Segment Open
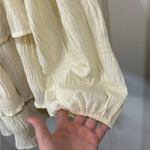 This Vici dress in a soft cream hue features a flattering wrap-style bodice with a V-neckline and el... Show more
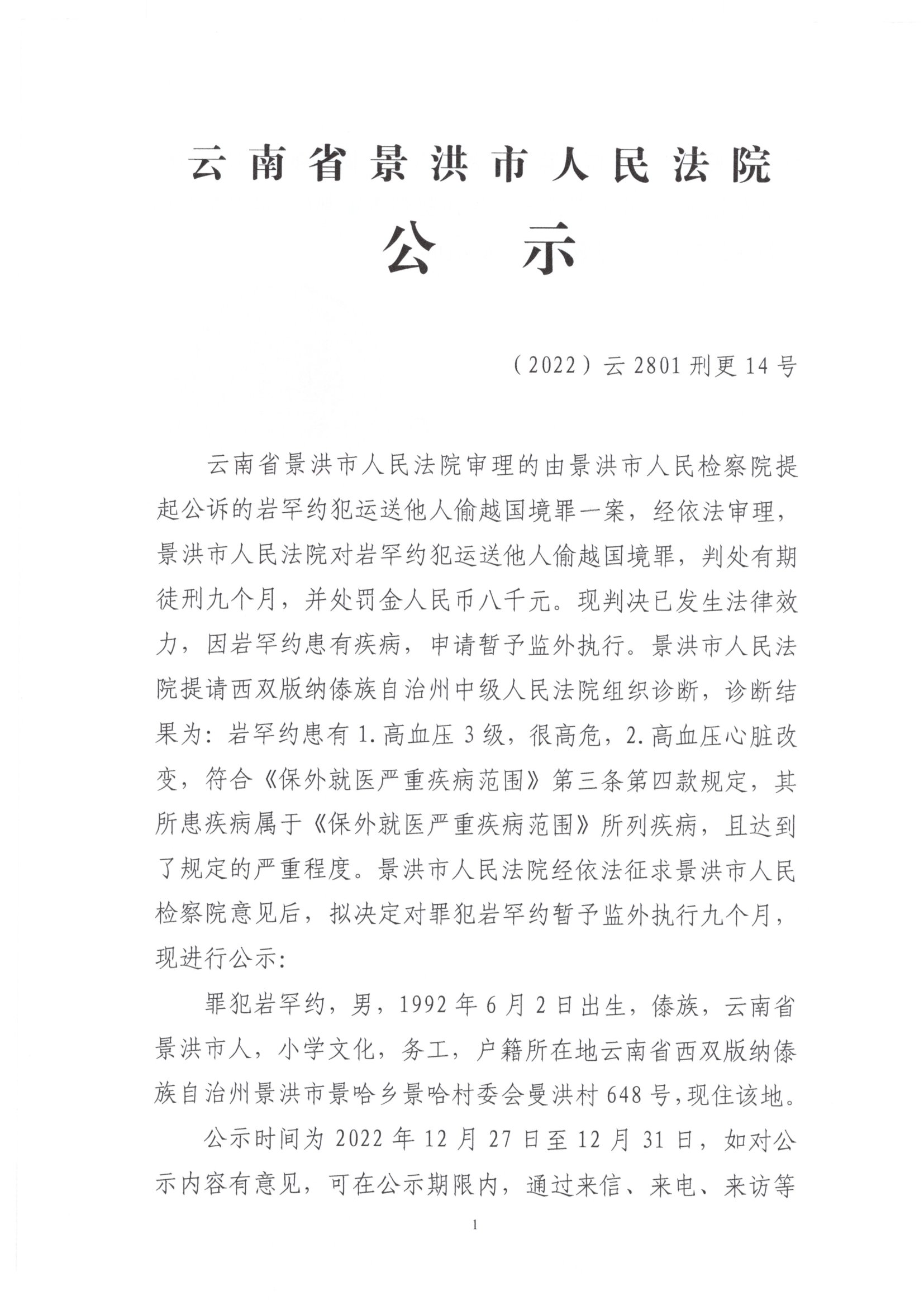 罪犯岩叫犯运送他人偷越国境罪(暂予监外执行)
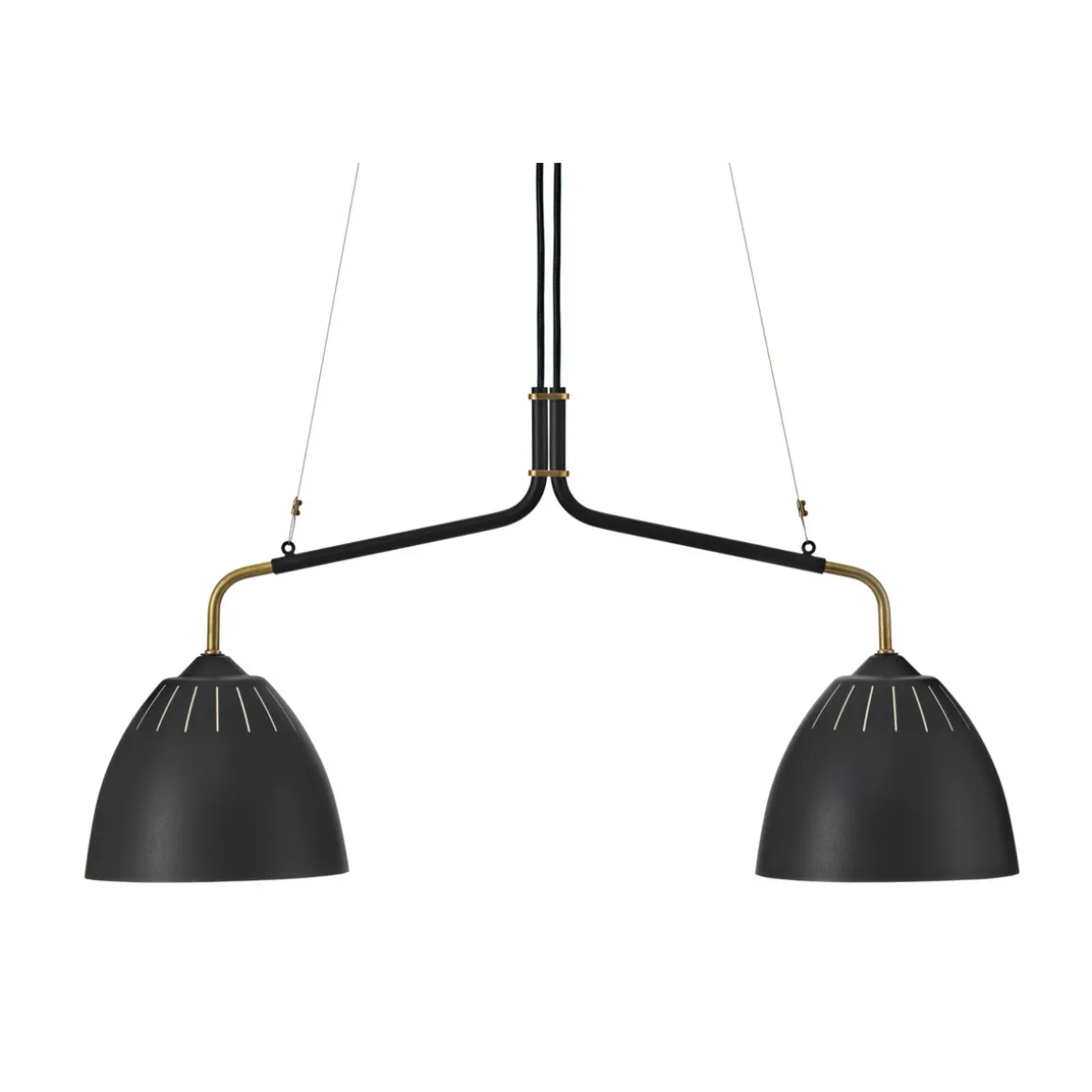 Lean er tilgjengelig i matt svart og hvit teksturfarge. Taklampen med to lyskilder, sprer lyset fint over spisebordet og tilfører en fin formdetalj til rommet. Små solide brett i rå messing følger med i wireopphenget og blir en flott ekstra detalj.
Segment Closed
Segment Open
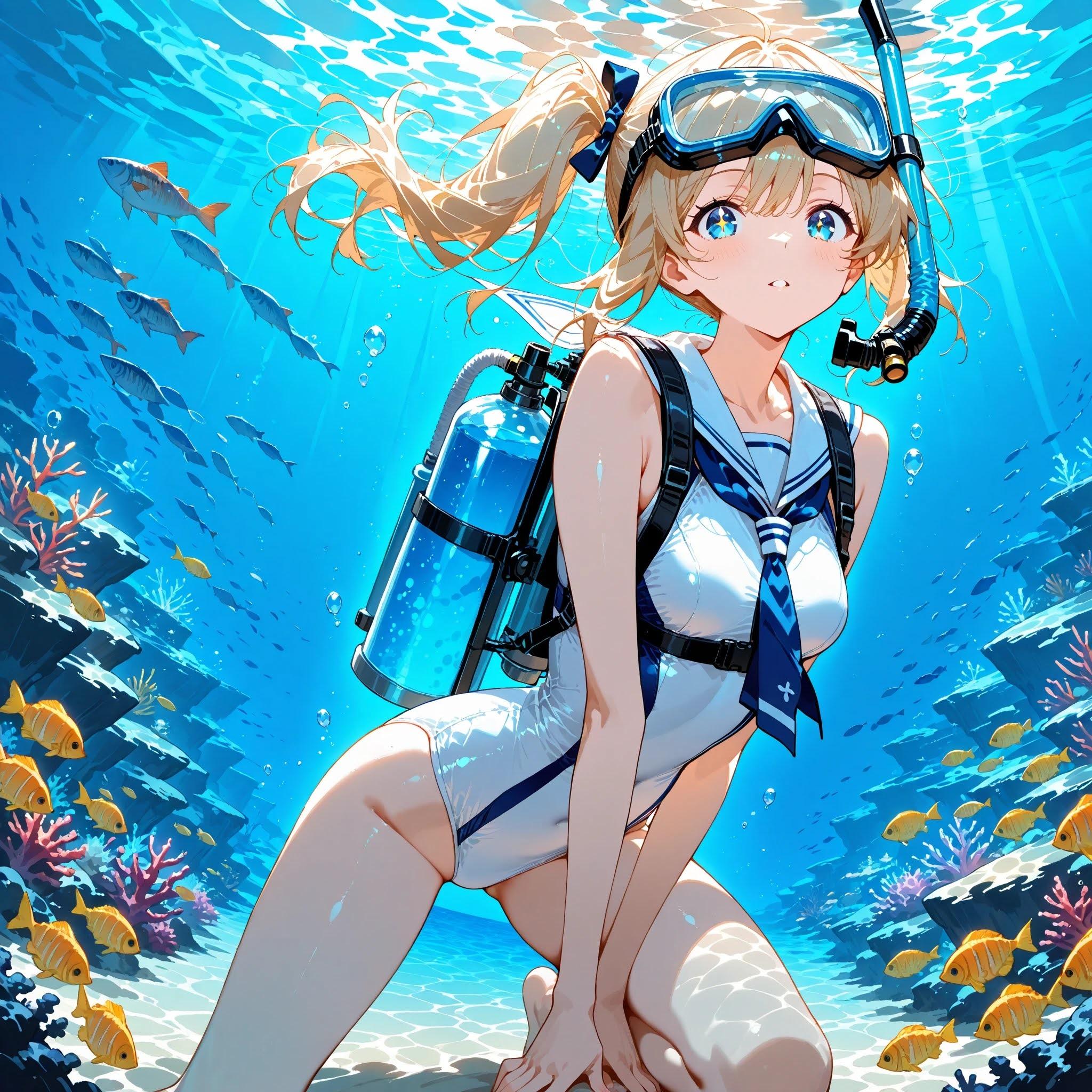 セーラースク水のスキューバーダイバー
Segment Closed
Segment Open
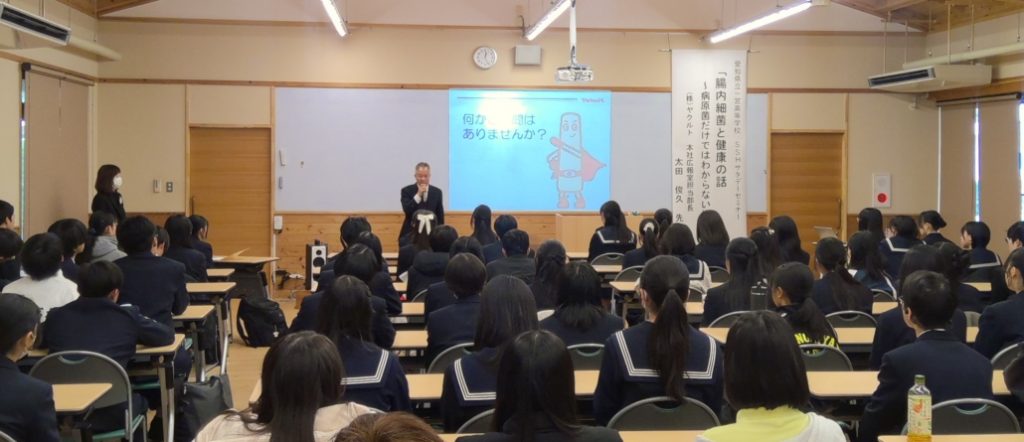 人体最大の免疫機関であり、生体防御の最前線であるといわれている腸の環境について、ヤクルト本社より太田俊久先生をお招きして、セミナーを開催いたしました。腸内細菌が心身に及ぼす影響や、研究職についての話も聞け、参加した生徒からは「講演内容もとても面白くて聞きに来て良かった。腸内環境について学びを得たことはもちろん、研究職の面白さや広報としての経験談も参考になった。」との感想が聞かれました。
Segment Closed
Out of the records above, return only the lines from the one with "This Vici dress" through the one with "Lean er tilgjengelig", exactly, and none of the pictures.

- _Response to this task_:
 This Vici dress in a soft cream hue features a flattering wrap-style bodice with a V-neckline and el... Show more
 罪犯岩叫犯运送他人偷越国境罪(暂予监外执行)
 Lean er tilgjengelig i matt svart og hvit teksturfarge. Taklampen med to lyskilder, sprer lyset fint over spisebordet og tilfører en fin formdetalj til rommet. Små solide brett i rå messing følger med i wireopphenget og blir en flott ekstra detalj.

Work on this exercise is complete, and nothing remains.